■ Task directions
Return all of the data exactly, with nothing left out but the pictures.

■ Data excerpt
===============

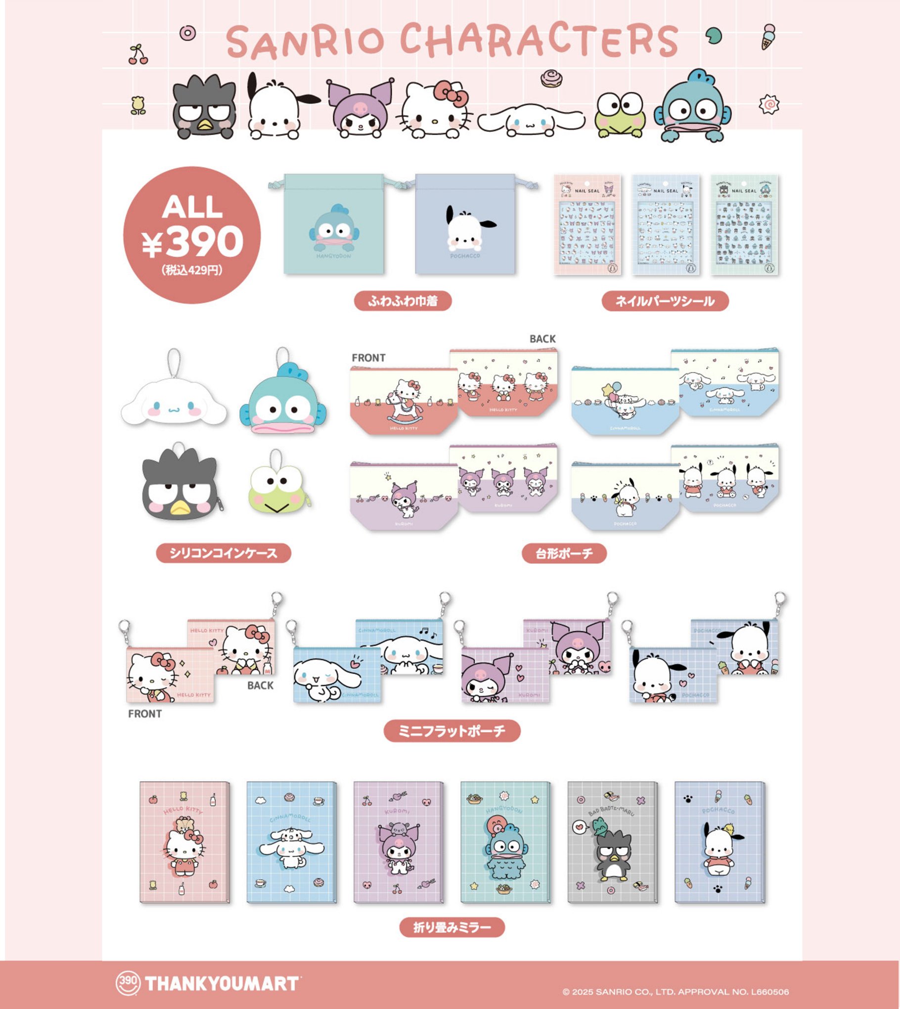 世代を超えて愛される「サンリオキャラクターズ」× サンキューマート全国にて、2026年1月上旬より新作アイテムが発売される。ハローキティ・シナモロール・ポチャッコ・クロミ・けろけろけろっぴ・ハンギョドン・バッドばつ丸ら人気キャラクター達のゆるっとかわいい新作グッズが多数ラインナップ!
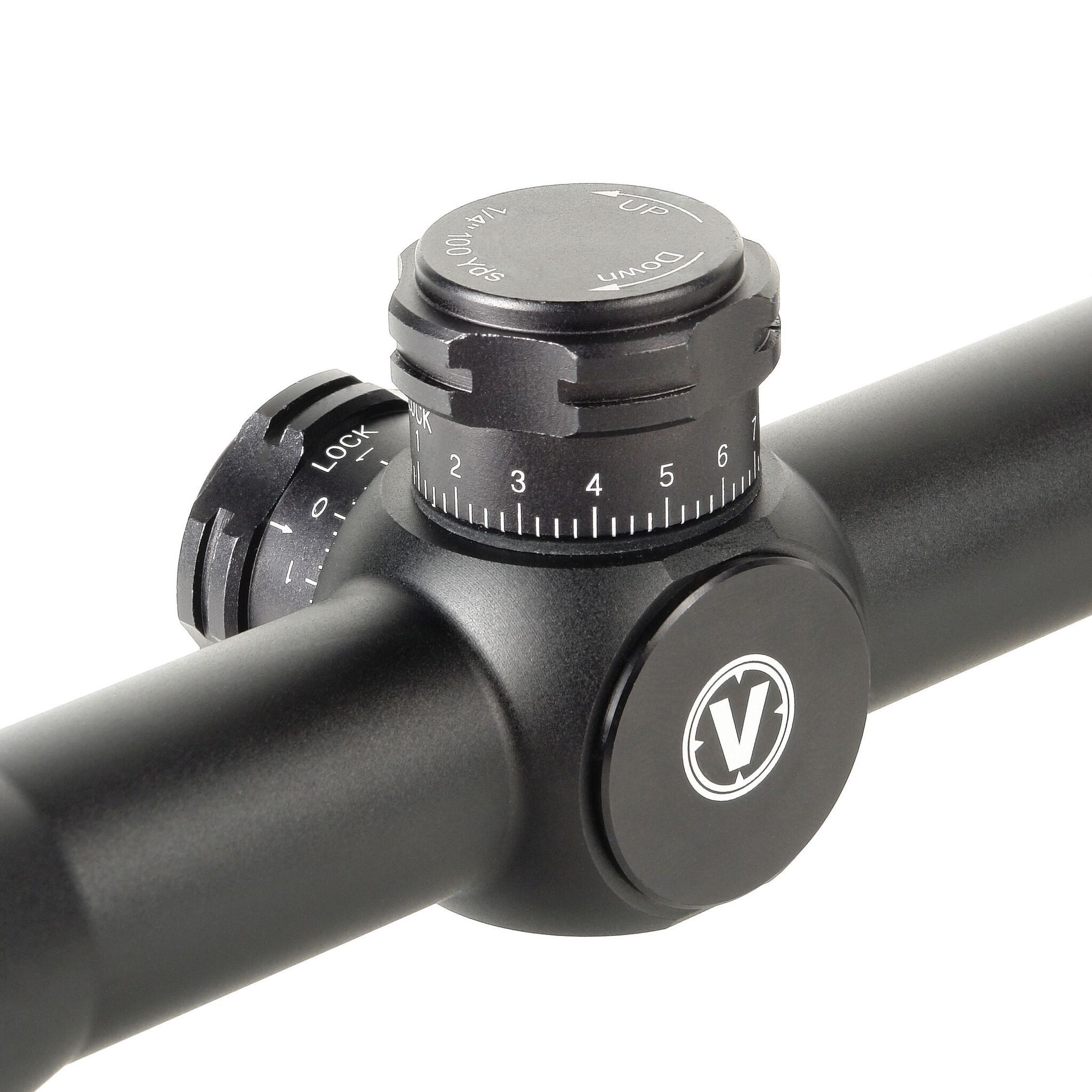 Механизмы ввода боковых и вертикальных поправок в виде тактических барабанов обеспечивают условия для высокоточной стрельбы. Барабанчики ввода поправок блокируются механизмом (push/pull lock) и легко приводятся в рабочее положение вытягиванием их наружу. Шкалы механизмов ввода поправок отградуированы в дюймах, цена 1 клика – 1/4" на 100Y (примерно 7 см на 100 м). Клики четкие, тактильно ощутимые. Стрелок, не отвлекаясь от наблюдения, может оперативно внести поправки с учетом расстояния до цели, ветра, веса пульки и т.д.
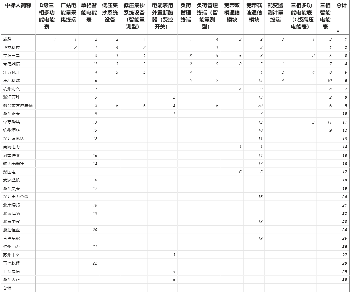 總金額43.68億元,30家企業(yè)實現(xiàn)中標(威勝集團+威勝信息計為1家,正泰電器+正泰儀表計為1家),威勝以4.32億元位列各企業(yè)第一名,華立中標3.97億元第二,三星3.80億元第三,鼎信3.53億元第四。
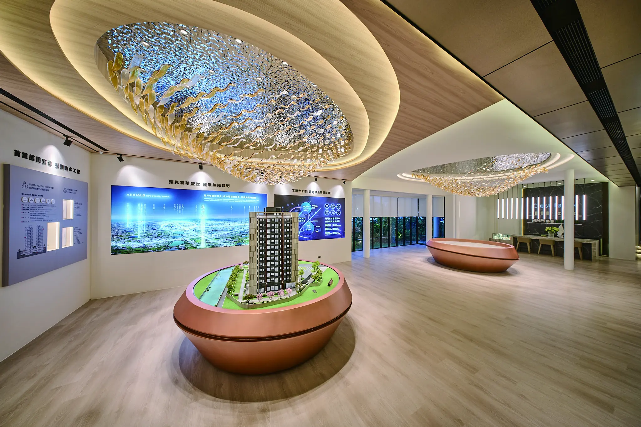 Inspired by Taiwan’s iconic irrigation ponds, reinterpreting rippling water as two overlapping sloped roofs. Like a lightweight hat floating above, the structure channels rainwater downward, while a central cut-out opens to the sky and allows light to pass through. 40 slender columns support interlocked volumes that rise naturally from the ground. Nighttime lighting—curved lines, wall washers, and uplights—adds radiance and transparency. Materials of rammed earth, mineral panels, concrete, glass in beige and grey hues echo the terrain. With natural ventilation and a slatted rear entry, the high-ceilinged space achieves comfort and elegance.

===============

■ Task output
 世代を超えて愛される「サンリオキャラクターズ」× サンキューマート全国にて、2026年1月上旬より新作アイテムが発売される。ハローキティ・シナモロール・ポチャッコ・クロミ・けろけろけろっぴ・ハンギョドン・バッドばつ丸ら人気キャラクター達のゆるっとかわいい新作グッズが多数ラインナップ!
 Механизмы ввода боковых и вертикальных поправок в виде тактических барабанов обеспечивают условия для высокоточной стрельбы. Барабанчики ввода поправок блокируются механизмом (push/pull lock) и легко приводятся в рабочее положение вытягиванием их наружу. Шкалы механизмов ввода поправок отградуированы в дюймах, цена 1 клика – 1/4" на 100Y (примерно 7 см на 100 м). Клики четкие, тактильно ощутимые. Стрелок, не отвлекаясь от наблюдения, может оперативно внести поправки с учетом расстояния до цели, ветра, веса пульки и т.д.
 總金額43.68億元,30家企業(yè)實現(xiàn)中標(威勝集團+威勝信息計為1家,正泰電器+正泰儀表計為1家),威勝以4.32億元位列各企業(yè)第一名,華立中標3.97億元第二,三星3.80億元第三,鼎信3.53億元第四。
 Inspired by Taiwan’s iconic irrigation ponds, reinterpreting rippling water as two overlapping sloped roofs. Like a lightweight hat floating above, the structure channels rainwater downward, while a central cut-out opens to the sky and allows light to pass through. 40 slender columns support interlocked volumes that rise naturally from the ground. Nighttime lighting—curved lines, wall washers, and uplights—adds radiance and transparency. Materials of rammed earth, mineral panels, concrete, glass in beige and grey hues echo the terrain. With natural ventilation and a slatted rear entry, the high-ceilinged space achieves comfort and elegance.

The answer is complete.